A maioria conservadora da Suprema Corte concedeu “imunidade” a Trump contra processos criminais em 2024, abrindo agora a porta para o presidente remodelar o governo federal à sua própria imagem (Getty)

Em 2024, a mesma maioria conservadora concedeu a Trump imunidade geral de processo criminal por conduta relacionada com as suas funções “oficiais” no cargo, uma decisão que condenou o processo criminal contra o presidente.

Sotomayor disse que haveria “caos”, já que a última decisão expandiu o âmbito do poder presidencial e viu os juízes conservadores abraçarem “uma teoria imatura do poder executivo”.

“O resultado é um presidente com muito mais poder do que nunca. No entanto, esse poder não lhe é conferido pelo povo, pelo Congresso ou pela Constituição”, escreveu ela. “Ao conceder ao presidente esse poder irrestrito, o tribunal subverte precedentes, distorce a nossa história e elimina qualquer pretensão de modéstia judicial.”

ano passado, O juiz Jackson acusou os juízes conservadores da Suprema Corte de distorcer a lei em uma série de decisões para garantir que Trump “sempre vença”.

Falando na Dakota do Norte na quarta-feira, Trump disse que a decisão “devolve o poder ao presidente num momento em que ele realmente precisa dele”. (Getty)

“Esta é a jurisprudência de Calvin Boal com uma reviravolta”, escreveu Jackson, referindo-se a um jogo nos quadrinhos calvin e hobbes. “Calvin Bol tem apenas uma regra: não existem regras definidas. Parece que temos duas: essa é a regra, e esta administração sempre vence.”

Falando na Dakota do Norte na quarta-feira, Trump disse que a decisão “devolve o poder ao presidente num momento em que ele realmente precisa dele”.

Ele também escreveu no Truth Social: “Esta decisão devolve um tremendo poder adicional ao presidente, a quem ele pertence”.

Slaughter, a comissária demitida da FTC que estava no centro do caso, disse que a decisão a deixou “triste pela América”.

“Estou muito preocupada que um futuro presidente, como o Presidente Trump, possa usar o tremendo poder executivo que o Supremo Tribunal acaba de lhe conceder para recompensar os seus amigos e punir os seus inimigos com impunidade”, disse ela. Diga à MS AGORA.

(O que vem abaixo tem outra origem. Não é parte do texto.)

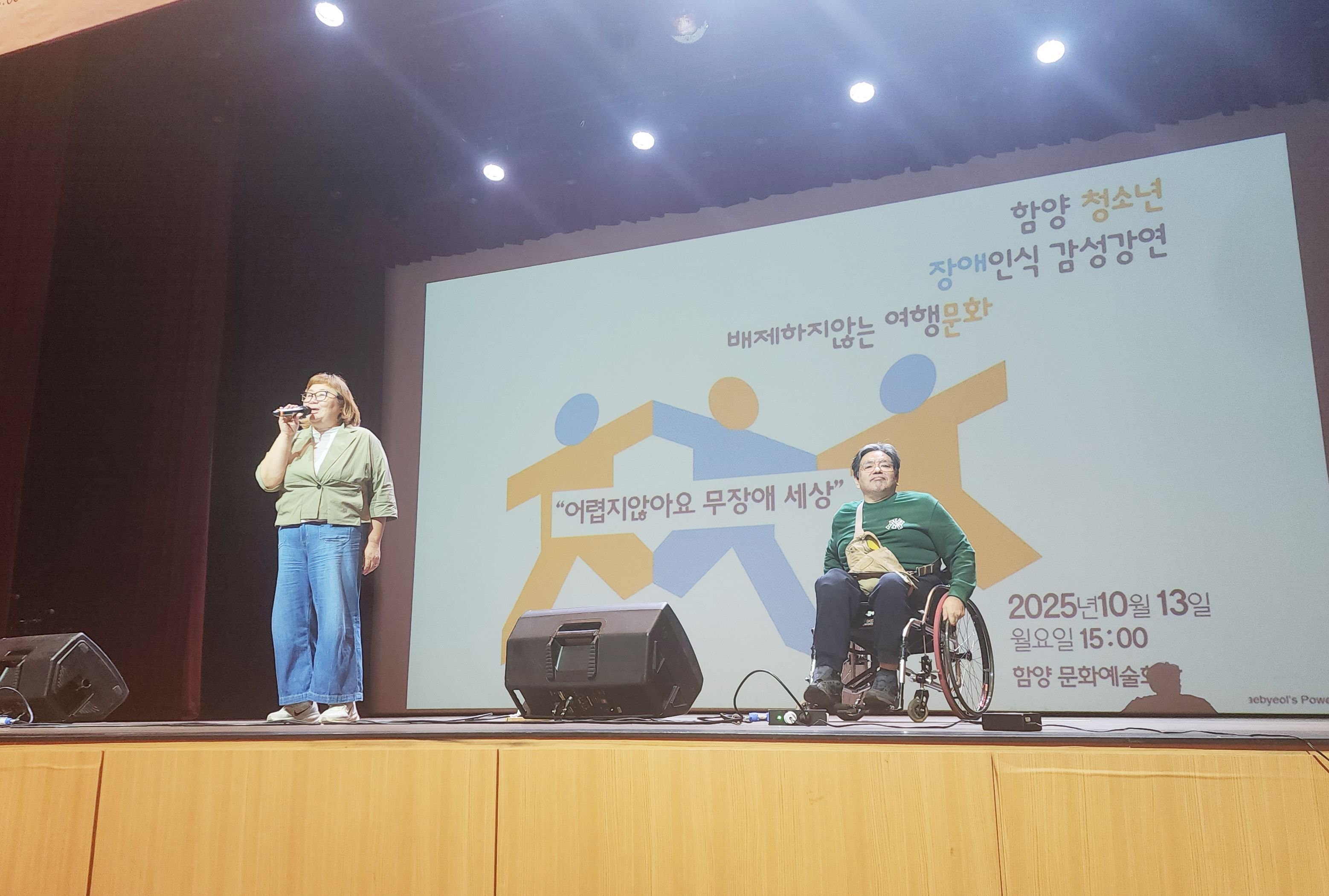 [아시아월드뉴스] 함양군 사회복지협의회(회장 오연교)는 13일 함양예술문화회관 대공연장에서 ‘2025 함양 청소년 장애인식 감성강연’을 진행했다.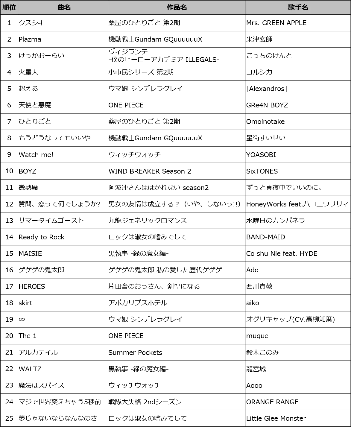 2025年春アニメ主題歌カラオケランキングTOP50発表『薬屋のひとりごと』第2期オープニングテーマMrs. GREEN APPLE「クスシキ」1位音楽評論家・冨田明宏が春アニメランキングを明快解説! 画像 2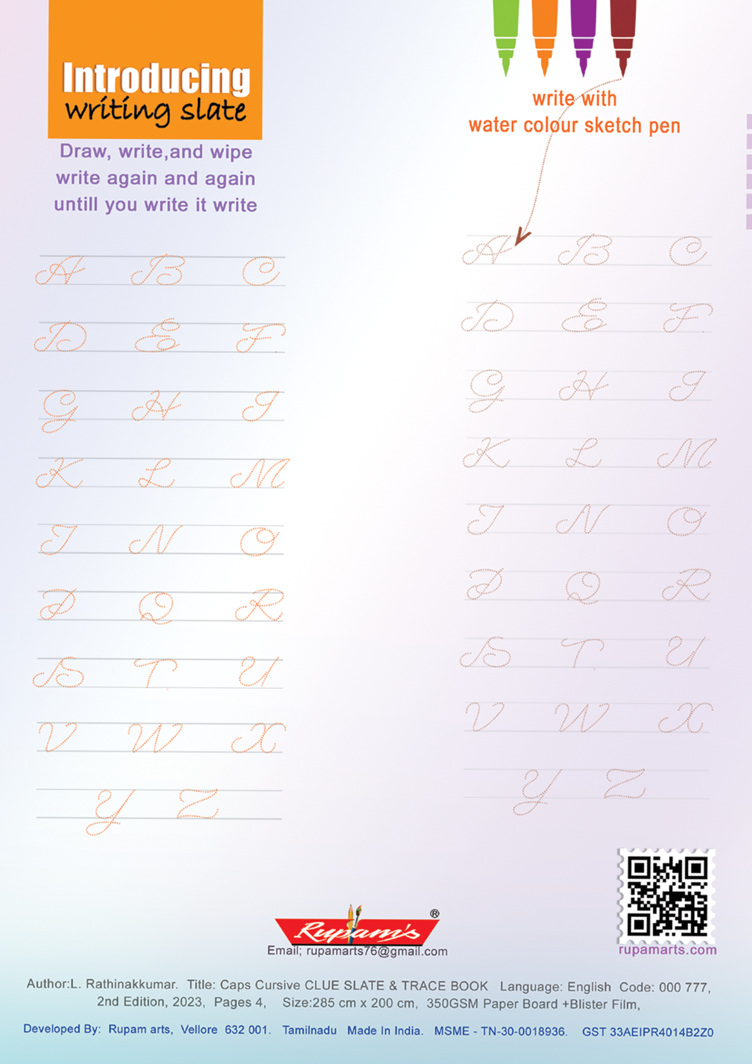This RUPAM ENGLISH CURSIVE UPPERCASE writing practice booklet clue slate encourages children who are interested in playing rejoicing, reveals and merry making etc. they can learn letters by themselves following clues given indifferent attractive colors. This method certainly develops the kids wonderful motor skills and fine nerve control to the fingers handling pencil. Clue slate has been designed based on modern technique of teaching and learning.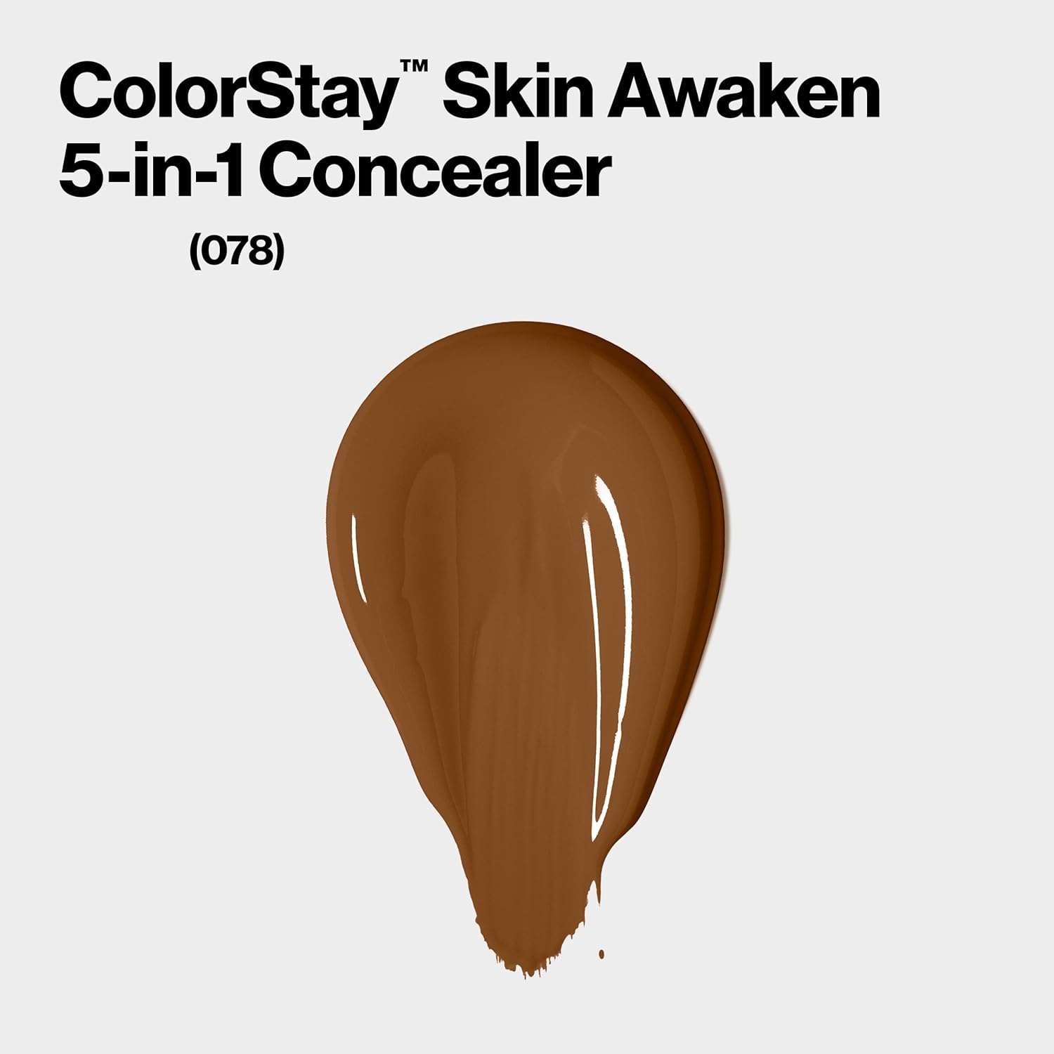 Revlon ColorStay Skin Awaken 5-in-1 Concealer, Lightweight, Creamy Longlasting Face Makeup with Caffeine & Vitamin C, For Imperfections, Dark Circles & Redness, 078 Truffle, 0.27 fl oz

Alex Frazier, vice-presidente de defesa do grupo de reforma financeira de campanha First Issues, disse que a decisão “abre as comportas para mais decisões de governança baseadas nos caprichos e interesses próprios do presidente”.

“Esta decisão soma-se a uma tendência de décadas de presidentes Democratas e Republicanos consolidarem os poderes conferidos ao Congresso pela Constituição”, disse ela. “A Constituição enfatiza a separação de poderes para garantir que nenhum ramo do governo seja inocente ou irrepreensível. A decisão do tribunal… perturba esse equilíbrio em vez de o reafirmar, concentrando mais poder nas mãos do presidente.”